There are two to three common questions in most Time4Coffee interviews. Towards the end of each interview, guests are asked to recount a time in their college years or during their career journey when they struggled or failed. How did they persevere? What lesson did they learn?
Some share about how they felt when starting their careers. A time when failures may have stung a little harder and mistakes seemed bigger than they actually were. In each case, they realized that lessons were learned and these professionals went on to live to fail another day.
They share stories of endurance in which they all made mistakes, but they were never the end of the world. In every case, the lessons they learned ended up sticking with them longer than the consequences of failing. In other words, messing up was worth the experience.
In fact, after a few cycles of failing and learning, most people say they realized that messing up was not as bad as they had originally thought. When starting out our career journeys, failures may appear as big boulders blocking the path to success. But after making it around, or through a few of those obstacles, they said those boulders started to look more like stepping stones.
The last question of each T4C interview asks guests to consider the advice they would give to their younger selves if they could go back to college and do the whole thing over again but based on the wisdom they have now.
Many give advice like “meet X person sooner” or “study Y in school, because you’ll need it later on.” The messages are framed as things to do, not things to avoid.
The young professionals know, in hindsight, that they were able to meet all the challenges they faced and pass all the tests that were thrown at them in college. Challenges and tests that seemed a lot scarier back then. There was no way to know for sure that everything was going to turn out ok, and they might not have even been sure they were on the right career path to begin with. This contributes to the fear that everyone experiences when taking their first steps — and first missteps — in their career. I’ve absolutely felt it already in my early professional experiences, it sucks.

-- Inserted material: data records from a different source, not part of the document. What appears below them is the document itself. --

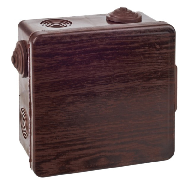 Коробка распаячная КМ для открытой проводки с откидной крышкой 100х100х50мм IP54 8 гермовводов дуб IEK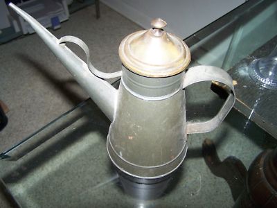 Title (ebay affiliate link): Vintage Oil Can Extreme Rare Shape With Long Spout Brass Lid Pewter? Welded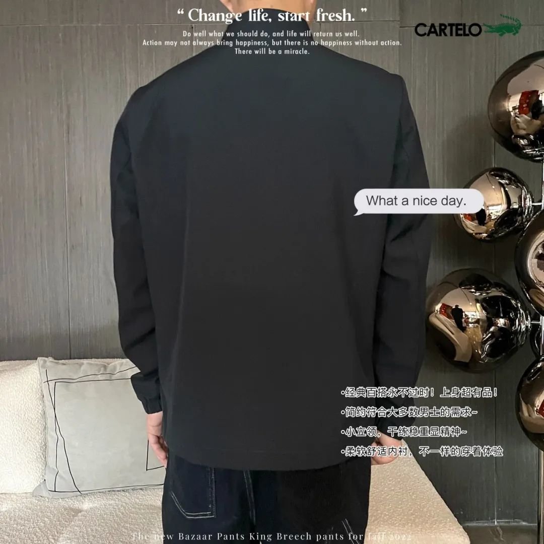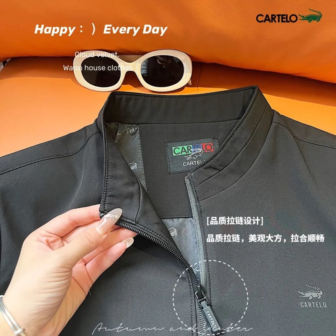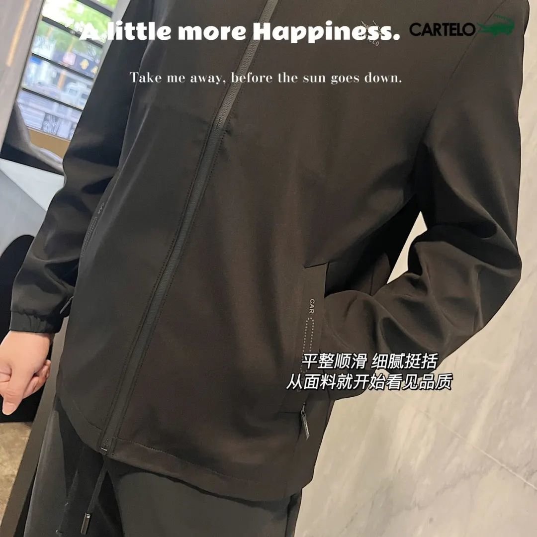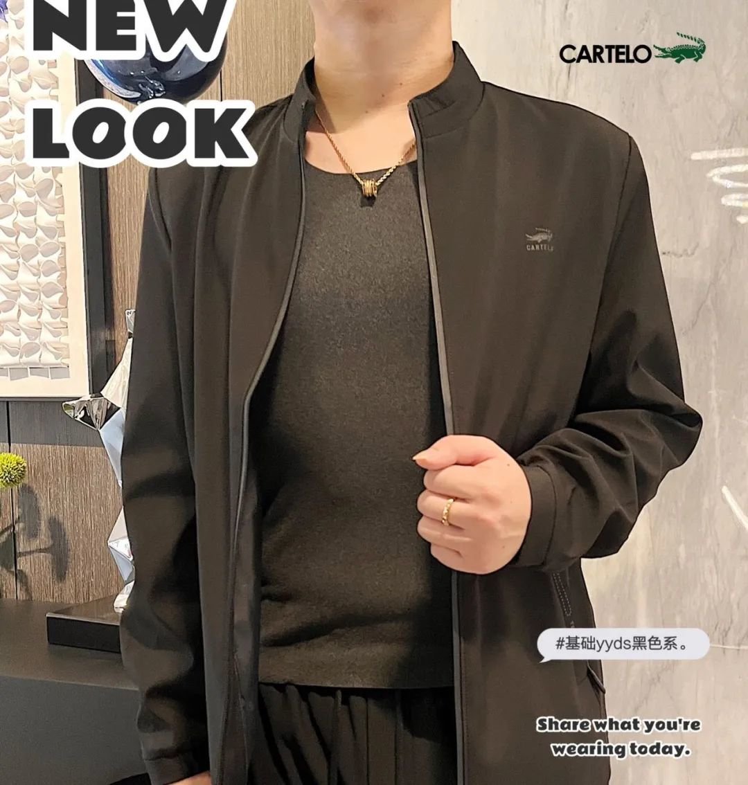 总之要把夹克穿的好看,尽量选择修身的短款,比如下面这件【卡帝乐CARTELO 鳄鱼科技服】。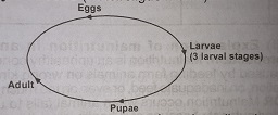 (iii) The larvae undergo three stages (moulting) before becoming pupae.

Still, listening to the stories of so many people who went through it and made it out the other end is comforting. It lets me know that there’s no failure I can’t learn from. It reminds me that I can use challenges as stepping stones to somewhere better. Best of all, it reminds me that I’m on the right path, because this path is completely, wonderfully, chaotically mine and it’s leading somewhere wonderful.
“I would try to live a little more,” said Jennifer Garibay, now a program manager at Google, in her Time4Coffee interview. “I was so stressed about everything… and it’s so understandable.” Her final piece of advice to her college self was to simply enjoy the constant journey of life.
I believe we don’t need time machines to help us fast forward to our future in order to protect ourselves today. As these professionals, young and old, share at the end of their T4C interviews, every experience on our path – good or bad – turns out to be a good one. So, instead of warnings, they give messages of encouragement to their past selves and up and coming professionals, everywhere.
We do actually get to meet our future selves, anyway. One day, we’ll look in the mirror and see them, smiling back at us. They’ll thank us for making the trek, navigating the fear and learning from the rough parts.